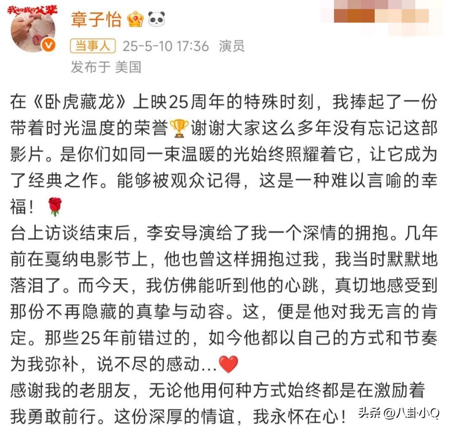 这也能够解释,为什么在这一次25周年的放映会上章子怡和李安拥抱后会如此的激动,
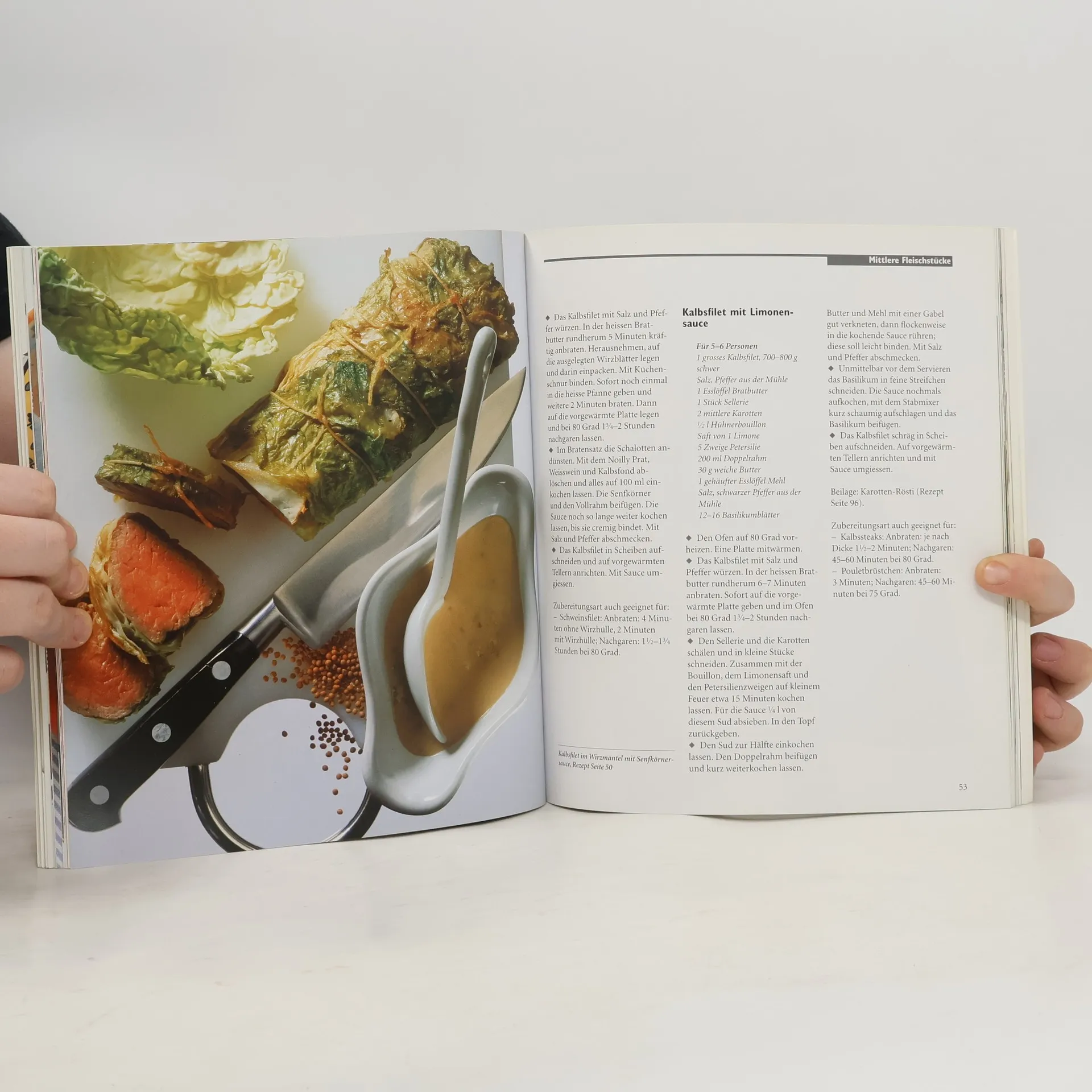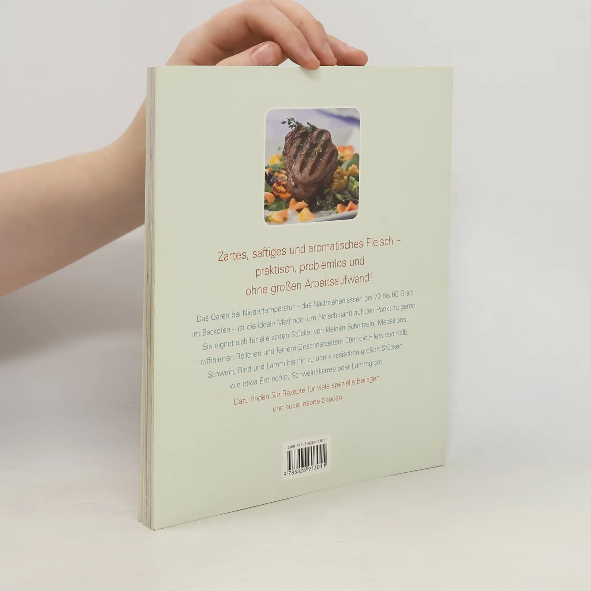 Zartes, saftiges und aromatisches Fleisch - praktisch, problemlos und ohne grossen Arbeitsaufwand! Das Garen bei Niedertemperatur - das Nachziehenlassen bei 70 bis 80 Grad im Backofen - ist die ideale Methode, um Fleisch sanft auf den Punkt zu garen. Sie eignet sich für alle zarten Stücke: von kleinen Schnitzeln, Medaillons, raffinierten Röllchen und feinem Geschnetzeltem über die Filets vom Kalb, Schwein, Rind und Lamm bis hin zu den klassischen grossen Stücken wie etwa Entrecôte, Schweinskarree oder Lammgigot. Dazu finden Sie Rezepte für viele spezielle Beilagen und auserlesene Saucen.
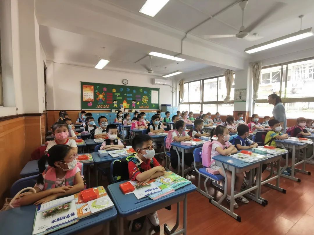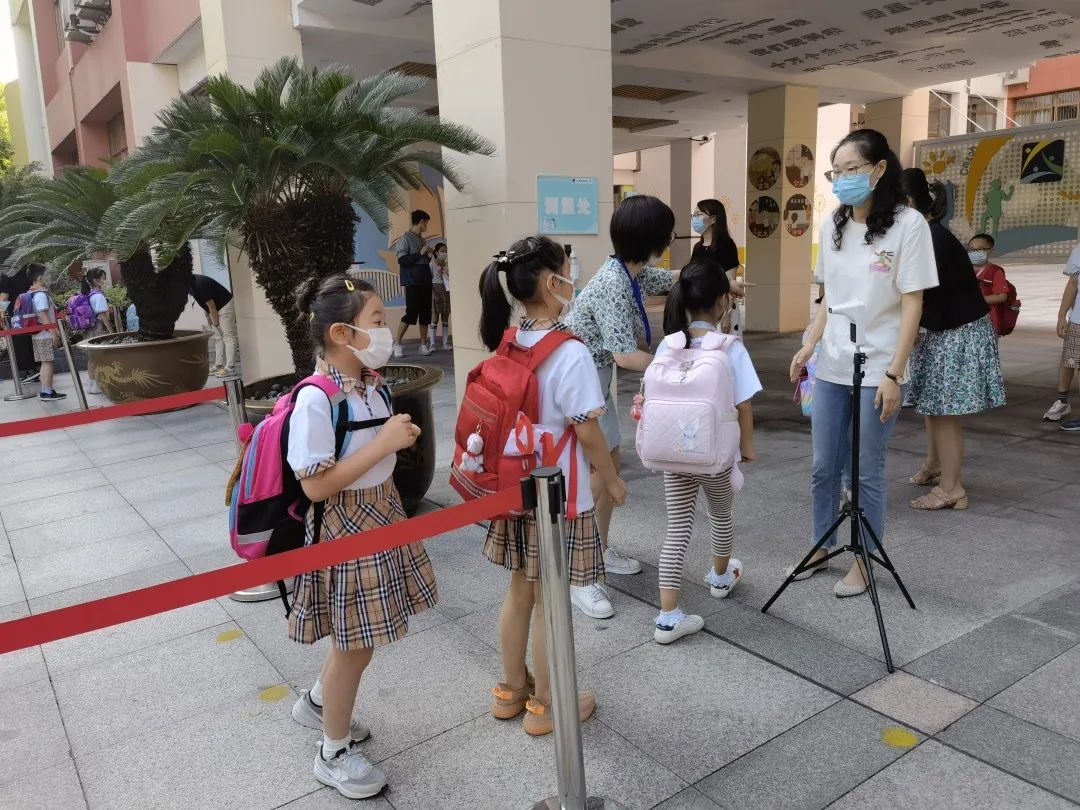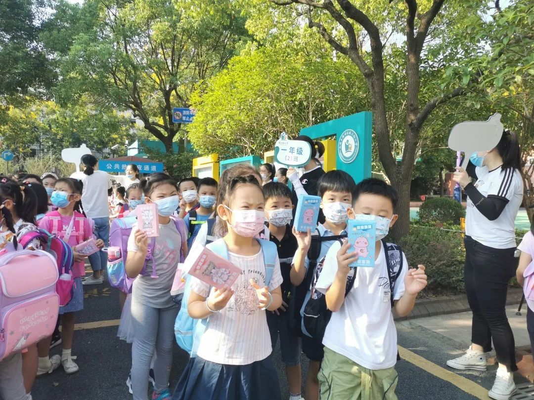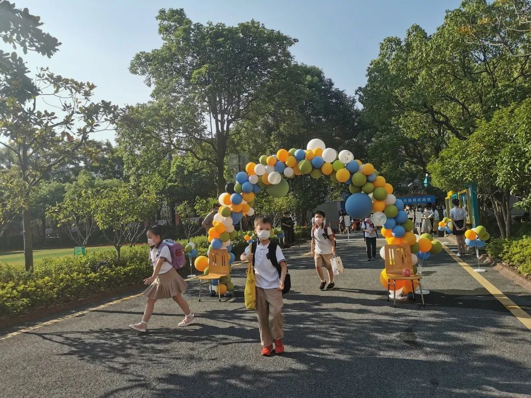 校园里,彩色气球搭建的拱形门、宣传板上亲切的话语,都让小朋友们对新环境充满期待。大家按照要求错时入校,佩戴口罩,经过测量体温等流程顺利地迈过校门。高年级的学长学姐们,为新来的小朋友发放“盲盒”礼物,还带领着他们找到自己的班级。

Problem statement
In your answer, give every line of the listing above exactly, and do not include the images.

Task result
 这也能够解释,为什么在这一次25周年的放映会上章子怡和李安拥抱后会如此的激动,
 Zartes, saftiges und aromatisches Fleisch - praktisch, problemlos und ohne grossen Arbeitsaufwand! Das Garen bei Niedertemperatur - das Nachziehenlassen bei 70 bis 80 Grad im Backofen - ist die ideale Methode, um Fleisch sanft auf den Punkt zu garen. Sie eignet sich für alle zarten Stücke: von kleinen Schnitzeln, Medaillons, raffinierten Röllchen und feinem Geschnetzeltem über die Filets vom Kalb, Schwein, Rind und Lamm bis hin zu den klassischen grossen Stücken wie etwa Entrecôte, Schweinskarree oder Lammgigot. Dazu finden Sie Rezepte für viele spezielle Beilagen und auserlesene Saucen.
 校园里,彩色气球搭建的拱形门、宣传板上亲切的话语,都让小朋友们对新环境充满期待。大家按照要求错时入校,佩戴口罩,经过测量体温等流程顺利地迈过校门。高年级的学长学姐们,为新来的小朋友发放“盲盒”礼物,还带领着他们找到自己的班级。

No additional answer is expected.